A esta breve hipótesis se podría añadir países como Corea del Sur, Polonia, o incluso Suiza, con multitud de matices, especialmente basadas por sus ciudadanías constitucionales, alejada de corrientes étnico-nacionales.

«Una perspectiva antagónica a la idea del Estado como último garante, ajeno al individuo, avalista de la resolución de todos los problemas particulares»

Porque categorizar a sociedades tan complejas puede parecer simplista, y siempre habrá excepciones internas y externas. El estudio comparativo internacional asume este margen de error, pero la actitud de cada sociedad ante una realidad como la actual llama a una reflexión, en la que no pueden obviarse este tipo de análisis.

Así, quizá esta aseveración de la capacidad de cada Estado y el nivel de responsabilidad individual para con él podría sentar la base del desconcierto que sufren los ciudadanos de tantos Estados en un momento de crisis y reparto de culpas como el actual. Incluida España.

El descontrol que ha provocado el virus dejado a la luz las verdaderas estructuras de nuestras instituciones estatales, mostrando que, efectivamente, no son entidades superiores omnipotentes a la que ceder -y reclamar antes que aportar, cualidad trasversal a la “generación snowflake”– toda la protección.

La Unión Europea, la OMS, o incluso la ONU, han facilitado, además, alimentar la fantasía de la construcción de más actores todavía superiores al Estado a los que, hasta los gobiernos nacionales -que no son sino un muestreo de la sociedad que gobiernan- puedan remitir estas responsabilidades.

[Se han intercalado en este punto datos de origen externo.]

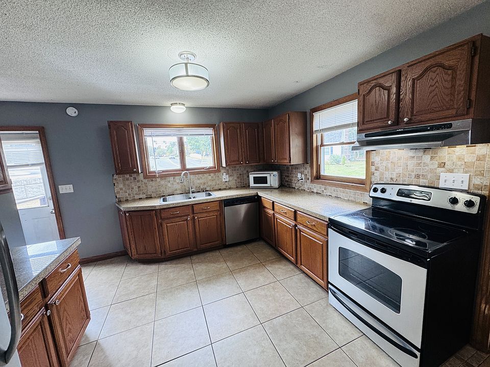 Ample oak cabinetryHardwood floorsLarge windowsTiled backsplashSpacious dining areaWasher and dryer
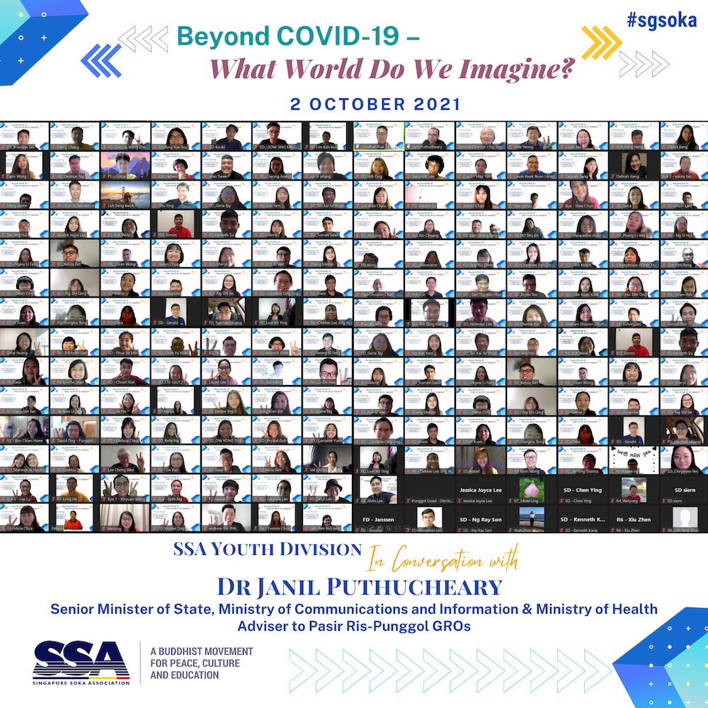 On 2 October, over 170 youths from the Singapore Soka Association (SSA) held a virtual dialogue session with Dr Janil Puthucheary, Senior Minister of State, Ministry of Communications and Information & Ministry of Health, Adviser to Pasir Ris-Punggol Grassroots Organisations (GROs). Prior to the dialogue session themed, “Beyond Covid-19 — What World Do We Imagine?”, SSA youths conducted various rounds of discussion to share observations on how Covid-19 had impacted areas of their lives and summarized three key areas – Resilience, Sustainability, and Inclusion and Diversity for an engaging discussion with Dr Janil.
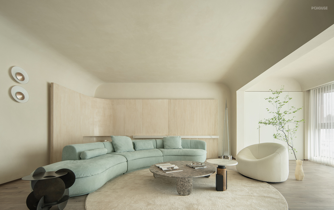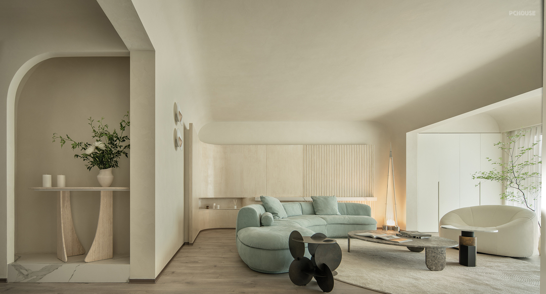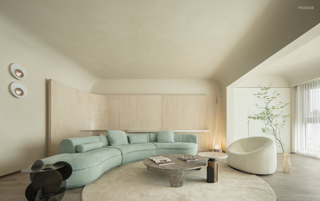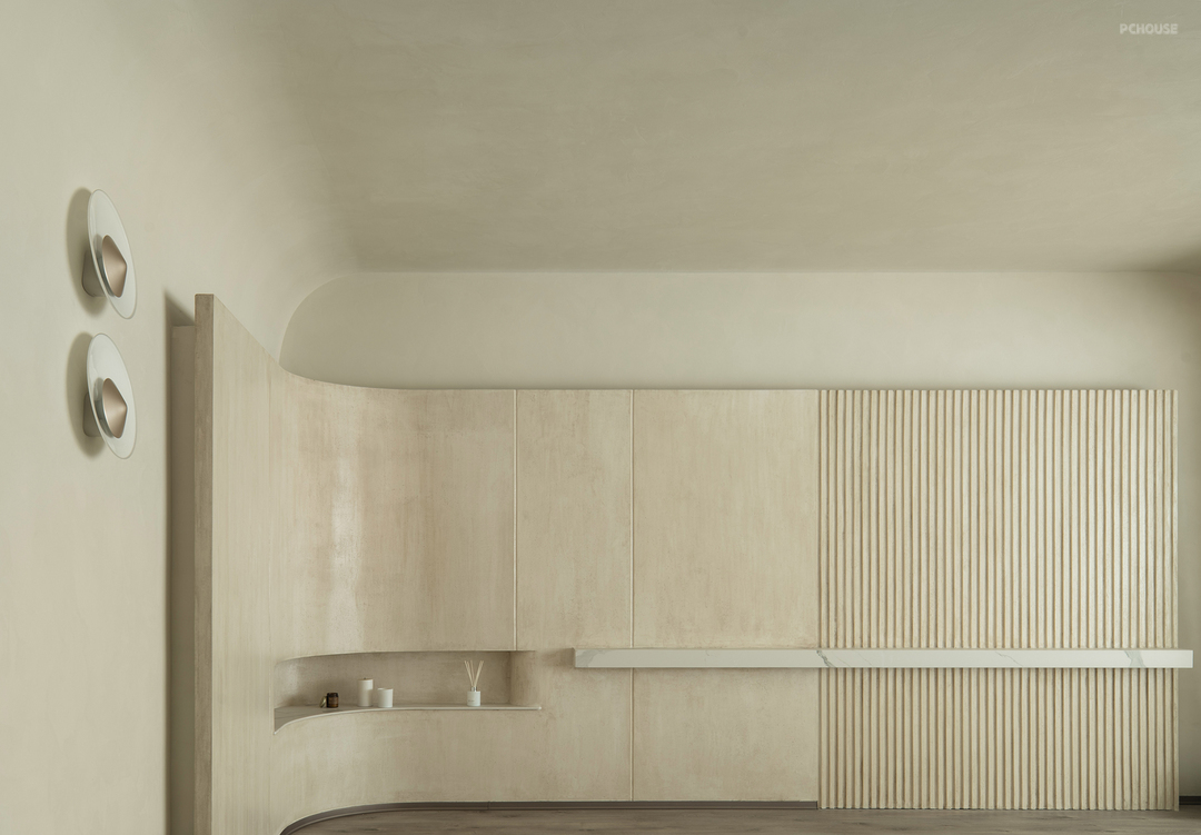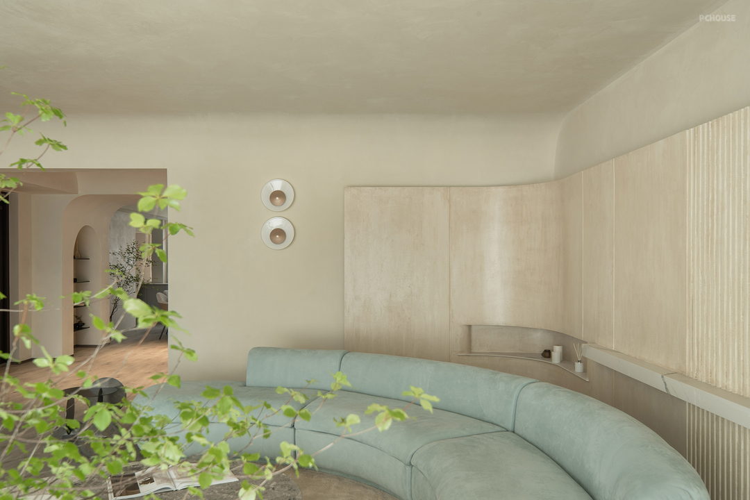 弧形背景墙采用仿洞石漆,营造出自然石材的质感。墙面艺术漆则以其独特的纹理和持久的美感,增加了整体空间的层次感和艺术氛围。

Facilitando siempre que el ciudadano vea difuminada su responsabilidad individual: más objetivos para el reparto de cargas frente a la resolución particular.

Quizá la actual sensación de infantilización radique en esta difusión de responsabilidades, facilitando la reconstrucción de una jerarquía padre-hijo que tan a la ligera muchos ciudadanos asumen con naturalidad.

Pero, hasta nuevo aviso, un Estado realmente democrático no deja de ser cada uno de sus ciudadanos, y no solo para la elección de sus gobernantes. Las capacidades finales de estas estructuras sociales están determinadas por cómo sus partes las comprenden, y los deberes que con ellas asumen.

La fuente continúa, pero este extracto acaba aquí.